DSE is also compatible with various partner security solutions to meet industry-specific and other advanced requirements. It leverages enterprise standards to integrate cohesively with existing technology such as Active Directory (AD), Lightweight Directory Access Protocol (LDAP), Kerberos, Public Key Infrastructure (PKI), and Key Management Interoperability Protocol (KMIP).
Monitor Your Distributed Database Via a Single View
A best practice for the building and deployment of any application—whether simple or complex or deployed in a private, public, or hybrid cloud—is to create, test, and maintain (by keeping it up to date after going live) an operational runbook.
This extremely important document contains critical operational procedures, including monitoring, security, access control, and configuration. The operational runbook is used not just for the database but also for microservices, backup and restore, event handling of all types (such as if a node goes down or a cloud region is not available), SLAs not being met, background jobs not running, how to handle failures (in detail), and upgrades.
However, monitoring database workloads, activity, auditing, and performance metrics throughout an enterprise is very tricky and becomes even more complicated in a hybrid cloud environment, particularly if it includes public clouds.
DSE configured in a hybrid cloud allows for monitoring and distributing the database across clouds in a single view. The DSE Metrics Collector is built on collectd, a popular, well-supported, open source metric collection agent. With over 90 plugins, you can tailor the solution to collect metrics most important to your organization. When DSE starts, it automatically begins sending metrics and other structured events to the DSE Metrics Collector, where the frequency and type of metrics collected are easily configured. These metrics can aid in the identification of read and write performance latency that is outside of a defined SLA. The aggregated metrics can also be sent to many metrics visualization and monitoring tools such as Prometheus, Graphite, Splunk, and Grafana.

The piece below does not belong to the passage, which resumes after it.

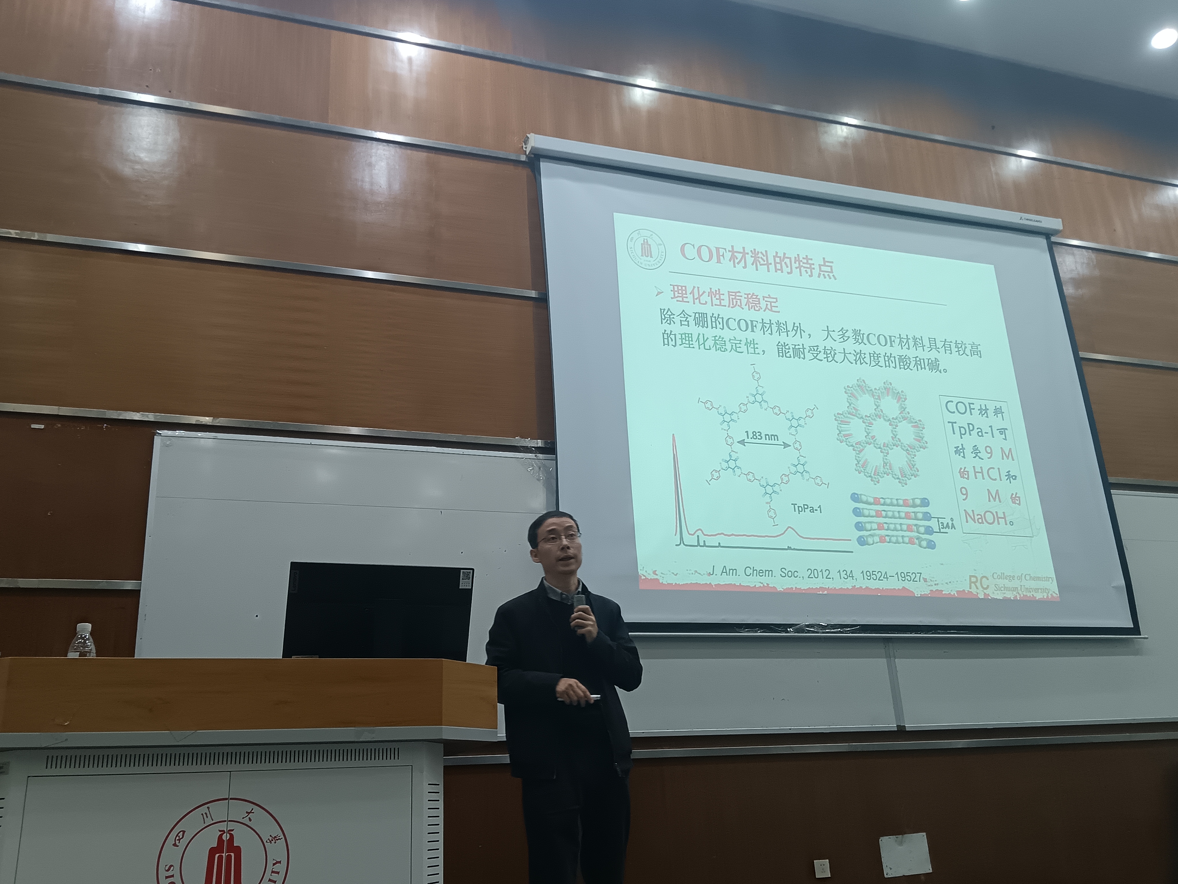 随后,马老师对同学们提出了两点建议——明确目标,不断进取;坚定信心,脚踏实地。并希望同学们能将创新应用于学习和科研过程中。接下来,马老师结合自身的科研经历,介绍了课题组首次将COF材料应用于核科学领域的创新性突破,以及与之相关的一系列创新研究。

Of course, you can use DataStax OpsCenter as your visual management and monitoring solution for DSE. OpsCenter provides architects, database administrators, and operations staff with the capabilities to intelligently and proactively ensure their database clusters are running optimally across multiple clouds with a single view. Furthermore, DataStax Lifecycle Manager allows enterprises to easily configure and upgrade DSE in hybrid cloud environments, with everything exposed via RESTful API so that it’s fully compatible with all tooling.
Conclusion
Most of today’s enterprises are planning to deploy hybrid and multi-cloud data architectures, if they’re not doing so already. But this transition often comes with drawbacks, such as data silos and data governance issues.
DSE makes it easy to fully exploit hybrid and multi-cloud environments without having to rearchitect cloud applications.
A masterless architecture can provide consistent data fabric between on-premises and cloud-based resources, without
compromising on the availability, scalability, and security required for modern applications.
The distributed NoSQL database allows you to implement a successful hybrid or multi-cloud strategy because it:
- Offers distributed database management across
- multiple clouds
- Eliminates single points of failure in your hybrid or
- multi-cloud deployment
- Helps you optimize your data management strategy
- Enforces your security strategy throughout your hybrid cloud
- Lets you monitor your distributed database with a single view of your hybrid cloud
With these five key abilities, any enterprise can take full advantage of everything hybrid clouds have to offer.